Disseminated Lyme Disease can affect all of the following systems in the body: the dermatologic, neurologic, cardiovascular, opthalmologic and musculoskeletal systems. Dr. Horowitz spoke extensively about co-infections and how they play a major role in the patient's lack of ability to get well. It was mentioned that the Lyme/Babesia combination was the most serious and difficult to eradicate. As with borrelia, there are also many different strains of Babesia not currently being tested for. Dr. Horowitz said that although everyone is different, it usually takes at least a year of treatment or more in typical cases of chronic Lyme. The general rule of thumb is to treat the patient for two additional months after all symptoms have resolved.
The reason given for extended treatment is that Bb is a very slow replicator and can hide out intra-cellularly. The Bb organism can only be killed when replicating. It was also brought up that different strains require different types of antibiotics. Thus, in many cases treatment consists of experimenting, and trial and error. Spinal taps are often negative for Lyme disease because of circulating immune complexes in the spinal fluid, which means that a negative test on spinal fluid cannot rule out Lyme disease as the patient's problem.

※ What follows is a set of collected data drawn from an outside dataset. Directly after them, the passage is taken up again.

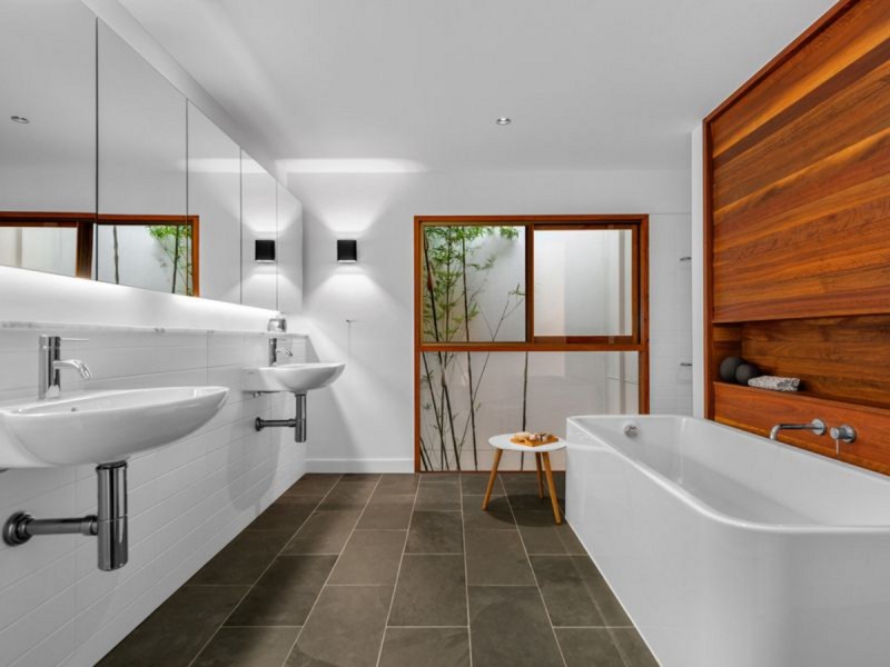 Clever design features, quality materials and architectural interest is evident at every turn of this remarkable home, such as the spotted gum floors and joinery, architectural lighting and double-height void with indoor bamboo garden. The large and beautifully grassed level backyard is every family's dream for spending time together playing outdoors. When it's time to cool off, jump in the spectacular infinity salt-water pool surrounded by beautiful Australian natives in the low maintenance gardens. This idyllic home also has a terraced vegetable garden with a well-established lime tree and a large rain water tank with dual water system for the bathrooms and the pool. There is plenty of parking for the whole family with three undercover car spaces and extra fourth car space. Additional features include zoned ducted air-conditioning for year-round comfort, mud room arrival, workshop and loads of storage throughout the house.
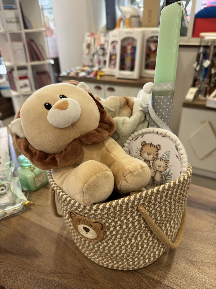 Αν ψάχνετε κάτι πιο ολοκληρωμένο για το βαφτιστήρι σας, στο κατάστημα θα βρείτε προσεγμένες πασχαλινές συνθέσεις που συνδυάζουν λαμπάδα με παιχνίδια, φιγούρες και αγαπημένους παιδικούς χαρακτήρες.
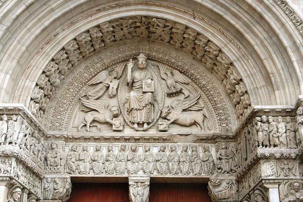 프로방스에서 가장 아름다운 로마네스크 양식으로 손꼽히는 생트로핌 성당의 입구에는 <최후의 심판> 부조가 새겨져 있다. 부조를 자세히 살펴보면 섬세하고 화려하게 새겨진 예수 주위로 4 복음서의 저자인 천사 모양의 마테와 사자모양의 마가 그리고 황소모양의 누가와 독수리 모양의 요한이 보인다. 현재 이 조각들은 프랑스의 세계문화유산으로 지정되어 있다.

The Lyme microbe can change its structure and can also cloak itself to hide from the immune system. Dr. Horowitz made it clear that very few "chronic" Lyme patients test positive on the Western Blot and in fact the actual percentage who test positive may only be 1%.

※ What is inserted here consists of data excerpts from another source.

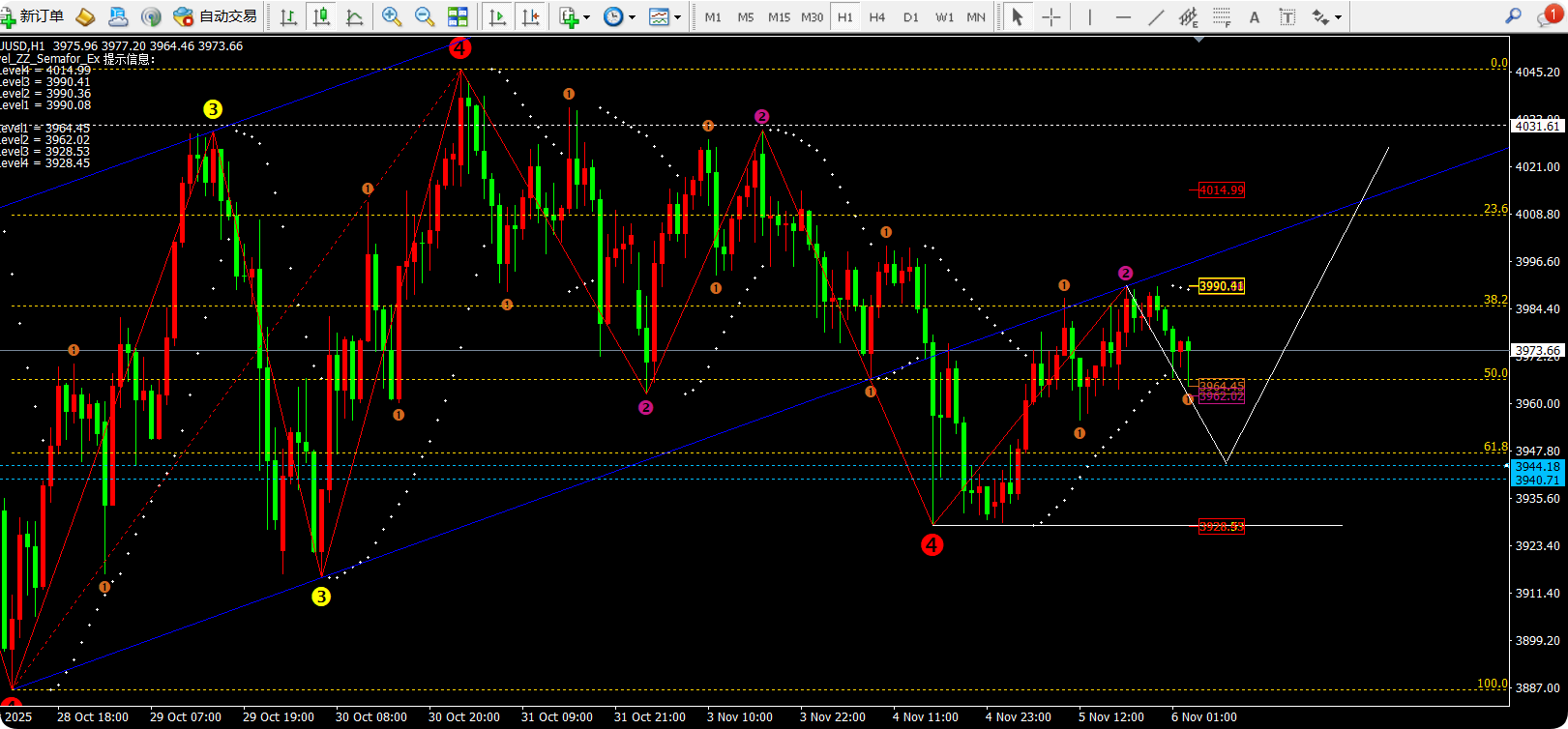 从昨日走势看:目前的3930-33是底部支撑,其次是3942一线。而昨晚回撤的低点3955-3960是当前的小支撑,阻力是目前的3980-3990一线。
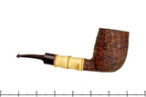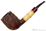 Absolutely massive in the chamber, this large sandblated billiard from Texas carver, Bill Walther, is mounted with a saddle brindle stem of cumberland and a three knuckle buddha bamboo shank. Look closely and you'll see that he also used two slim rings of briar to encase the shank and even took the time and trouble to line the bamboo mortise with a sleeve of briar, guaranteeing a sturdier fit that will always be snug. The rusty and tonal finish of the ring blasted briar suits the brindle well, and the bamboo is just the right proportion to carry this immensely sized bowl. With a smooth and open draw, this full capacity smoker will be plenty to keep the smoke puffing for several blissful hours at a time.
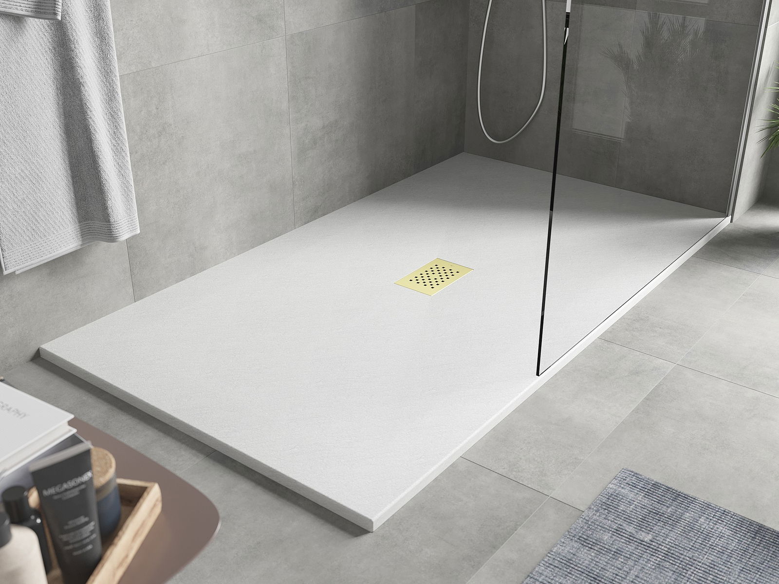 Mexen Hugo brodzik prostokątny SMC 200 x 100 cm, biały, maskownica złota - 42101020-G

(Writer's Note: I have heard from certain researchers that most of those with chronic Lyme do not produce antibodies to the germ. In other words, those who are the sickest with Lyme disease do not test positive and therefore do not get treatment. This makes such a definite statement that diagnosis needs to be clinical, based on symptoms, patient's history, and the doctor's ability to discern the general symptom complex. The only way a doctor can acquire this discernment is through experience. This is why the world of science should be learning from our Lyme-literate doctors, and not attacking them.